Source data:
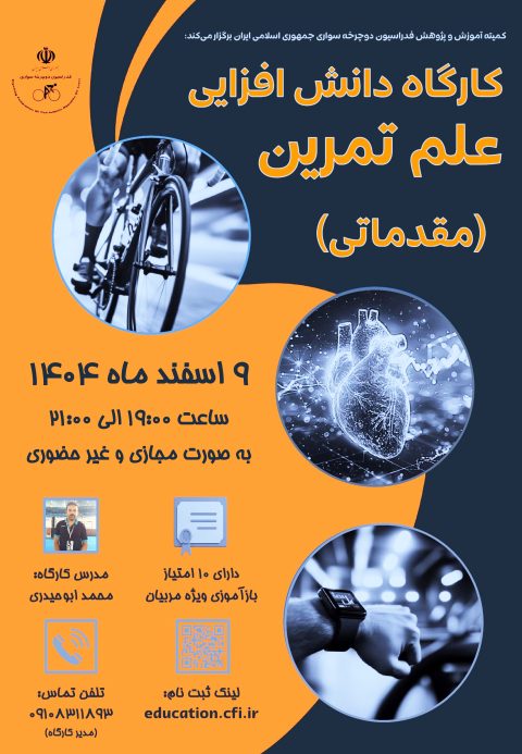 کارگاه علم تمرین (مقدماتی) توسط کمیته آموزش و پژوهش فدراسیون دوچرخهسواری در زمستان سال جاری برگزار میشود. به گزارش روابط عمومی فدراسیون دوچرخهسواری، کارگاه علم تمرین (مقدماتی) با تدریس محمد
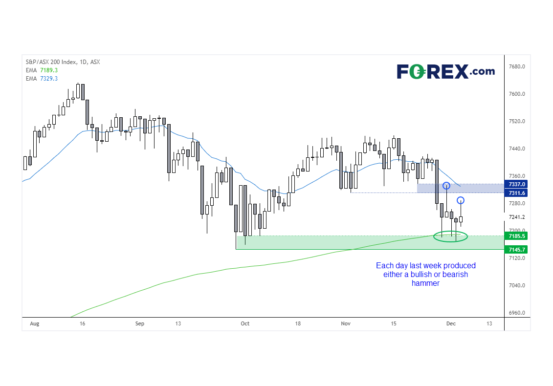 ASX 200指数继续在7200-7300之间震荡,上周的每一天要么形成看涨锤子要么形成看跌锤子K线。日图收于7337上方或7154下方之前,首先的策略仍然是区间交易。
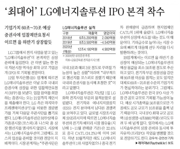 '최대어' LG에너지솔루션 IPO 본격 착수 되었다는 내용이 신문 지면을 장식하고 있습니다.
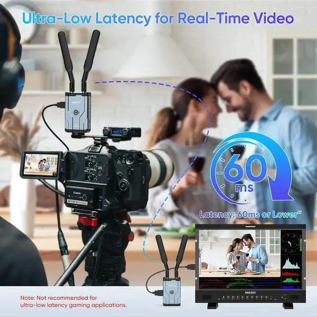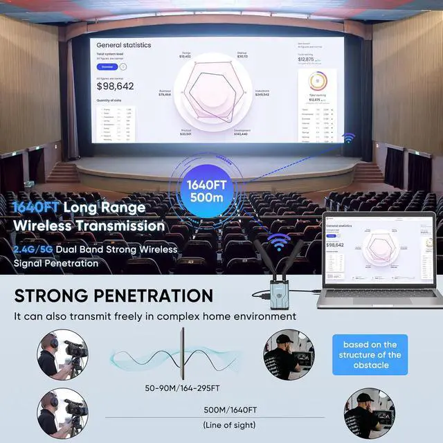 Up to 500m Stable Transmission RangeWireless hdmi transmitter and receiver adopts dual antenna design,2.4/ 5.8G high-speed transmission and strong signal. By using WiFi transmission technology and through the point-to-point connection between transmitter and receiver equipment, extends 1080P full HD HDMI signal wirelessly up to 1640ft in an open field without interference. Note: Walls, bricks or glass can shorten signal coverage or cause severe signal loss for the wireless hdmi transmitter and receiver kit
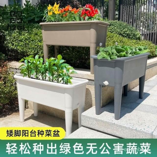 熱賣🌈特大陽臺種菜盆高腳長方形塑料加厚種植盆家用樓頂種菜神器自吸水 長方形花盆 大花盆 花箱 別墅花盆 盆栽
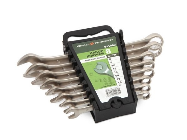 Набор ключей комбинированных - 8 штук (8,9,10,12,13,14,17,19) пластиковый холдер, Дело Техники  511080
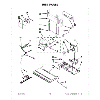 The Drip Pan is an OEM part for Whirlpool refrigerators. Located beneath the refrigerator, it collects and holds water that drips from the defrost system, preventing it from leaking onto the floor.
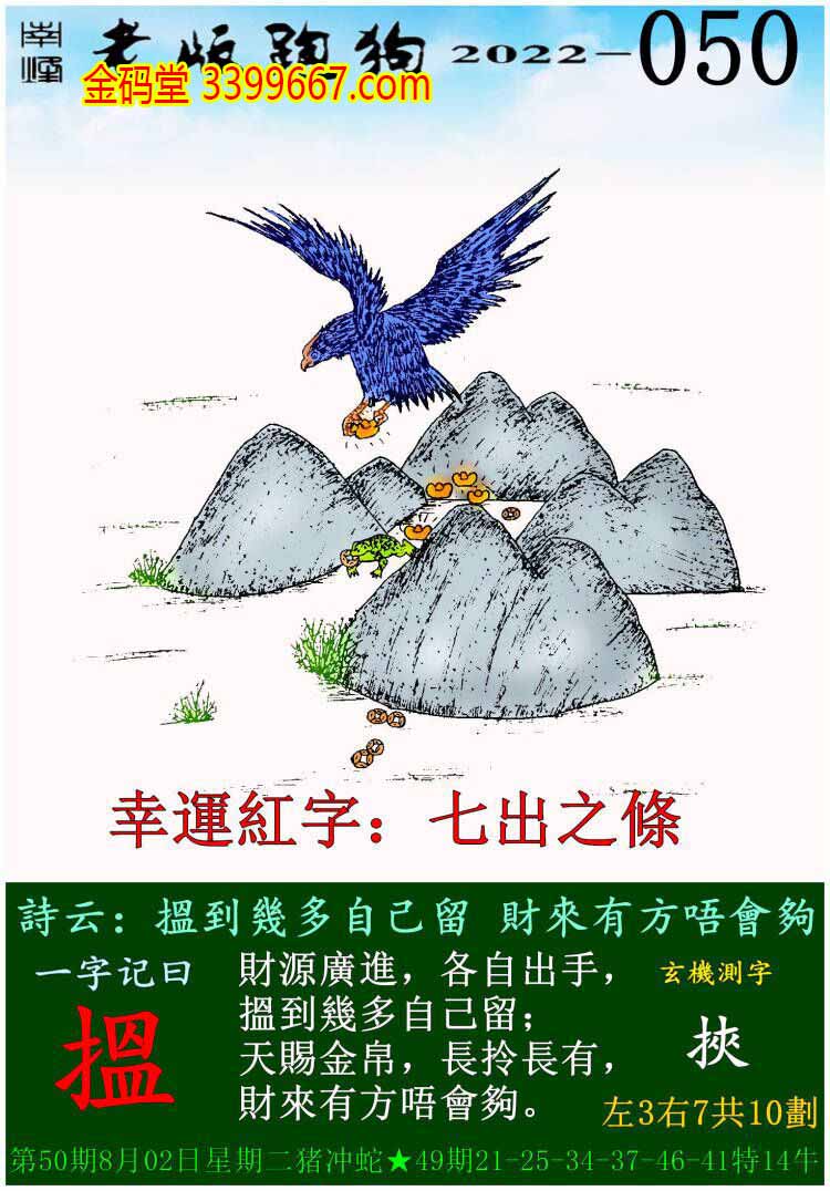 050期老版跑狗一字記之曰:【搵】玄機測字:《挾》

Prompt:
Go from the first line of the listing to the line holding "지면을 장식하고 있습니다." and, please, transcribe those lines exactly, both included, with no pictures.

Answer for the task:
 کارگاه علم تمرین (مقدماتی) توسط کمیته آموزش و پژوهش فدراسیون دوچرخهسواری در زمستان سال جاری برگزار میشود. به گزارش روابط عمومی فدراسیون دوچرخهسواری، کارگاه علم تمرین (مقدماتی) با تدریس محمد
 ASX 200指数继续在7200-7300之间震荡,上周的每一天要么形成看涨锤子要么形成看跌锤子K线。日图收于7337上方或7154下方之前,首先的策略仍然是区间交易。
 '최대어' LG에너지솔루션 IPO 본격 착수 되었다는 내용이 신문 지면을 장식하고 있습니다.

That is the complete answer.